Author Archives: Bairbre Flood

From top: Mary Elmes; Patrick Danjou, Mary Elmes son with Charlotte Berger-Greneche one of the people his mother rescued during the Holocaust.

Next Monday

‘Mary Elmes’, the true-story of the only Irish person recognised by Israel as Righteous Among the Nations will be broadcast at 5pm.

But who was Mary Elmes?

Bairbre Flood writes:

Born in Ballintemple, Cork, Mary Elmes smuggled dozens of children to safety during WW2 and although imprisoned by the Gestapo on suspicion of this work – she managed to survive and live a long life in the South of France with her husband and two children.

She’s a fascinating character for many reasons, and her work during the Spanish Civil War and then in Rivesaltes Refugee Camp in the South of France are noteworthy even in themselves.

But it’s for risking her life, rescuing Jewish refugees who were being sent to concentration camps that she’ll be most remembered.

Her story raises all kinds of questions about moral courage and humanitarianism – and contrasts sharply with the official policy of the Irish government during the Holocaust.

While untrained as a medic, she volunteered in 1937 with Save The Children in Spain and was appointed by the Quakers to run one of their hospitals in Alicante.

Franco expelled them in 1939 and after a brief rest in London and Cork she was assigned work at Perpignan – to oversee a cultural programme for some of the half a million Spanish refugees which had fled into France.

The refugee camps set up to deal with this crisis became an internment camp for Jews in Vichy France, and conditions were deplorable.

When Jews began to be transported from here to concentration camps in Eastern Europe from 1942 onwards, Mary was one of many relief workers who smuggled children to safety.
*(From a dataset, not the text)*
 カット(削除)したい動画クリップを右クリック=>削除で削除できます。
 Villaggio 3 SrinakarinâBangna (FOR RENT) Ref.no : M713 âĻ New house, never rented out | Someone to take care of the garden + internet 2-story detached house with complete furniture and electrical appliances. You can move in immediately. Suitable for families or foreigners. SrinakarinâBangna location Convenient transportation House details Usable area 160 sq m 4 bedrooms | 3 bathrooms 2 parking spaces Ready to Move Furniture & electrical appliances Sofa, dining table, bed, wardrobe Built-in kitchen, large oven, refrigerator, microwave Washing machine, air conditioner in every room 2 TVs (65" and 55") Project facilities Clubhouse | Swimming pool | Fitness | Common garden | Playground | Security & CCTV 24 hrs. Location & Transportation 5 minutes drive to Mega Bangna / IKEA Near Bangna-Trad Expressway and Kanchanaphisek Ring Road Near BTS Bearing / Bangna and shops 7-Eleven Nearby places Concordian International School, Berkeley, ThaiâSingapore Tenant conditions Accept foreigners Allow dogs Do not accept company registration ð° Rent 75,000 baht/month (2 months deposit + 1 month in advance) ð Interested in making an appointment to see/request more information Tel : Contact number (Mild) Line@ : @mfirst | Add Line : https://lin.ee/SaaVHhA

It’s estimated that over 400 children were saved, of which at least 80 were directly helped by Mary Elmes.

She never sought any attention for her actions, and died in 2002 at the age of 93.
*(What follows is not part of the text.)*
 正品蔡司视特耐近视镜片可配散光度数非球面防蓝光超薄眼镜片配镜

The documentary on Mary Elmes talks to Ronald Friend and Charlotte Berger-Greneche (two of the people whose lives she saved), her biographers Clodagh Finn (A Time To Risk All )and Paddy Butler (The Extraordinary Story of Mary Elmes), her family, and long-time Quaker researchers Bernard and Janet Wilson.

It also puts Mary’s work into wider context of Ireland’s refusal to take Jewish refugees during the Holocaust.
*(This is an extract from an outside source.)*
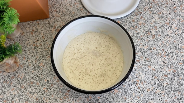 Накрываем пищевой плёнкой и оставляем для созревания до 8—12 часов. За это время закваска (опара) должна увеличиться в объёме раза в 3, находиться на пике своего созревания, покрыться многочисленными пузырьками газа.

According to Mervyn O’Driscoll, (Head of History, UCC) Ireland accepted very few requests for asylum from Jewish refugees.

Says Mervyn:

‘I think there was a very solid degree of latent antisemitism in Irish society based on fairly limited religious readings of Christianity, and prejudices they had picked up,’ said O’Driscoll, ‘In general what you found was the Dept. of Justice were very austere in their attitude to immigrants, and Jews in particular.’

Heino Schonfeld of the Holocaust Education Trust Ireland agrees that the numbers were shockingly low.

Says Heino:

‘Unfortunately most of them were unsuccessful and they were not given a visa or not given a welcome to this country.’ he said. ‘To a large extent the reason was antisemitsm.’

Fergal Linehan in The Dublin Review of Books reviewed An Irish Sanctuary: German-speaking Refugees in Ireland 1933-1945 by Gisela Holfter and Horst Dickel which documents the stories of the 426 individuals (not all, but mostly Jewish) fleeing Nazi Europe who were granted asylum here.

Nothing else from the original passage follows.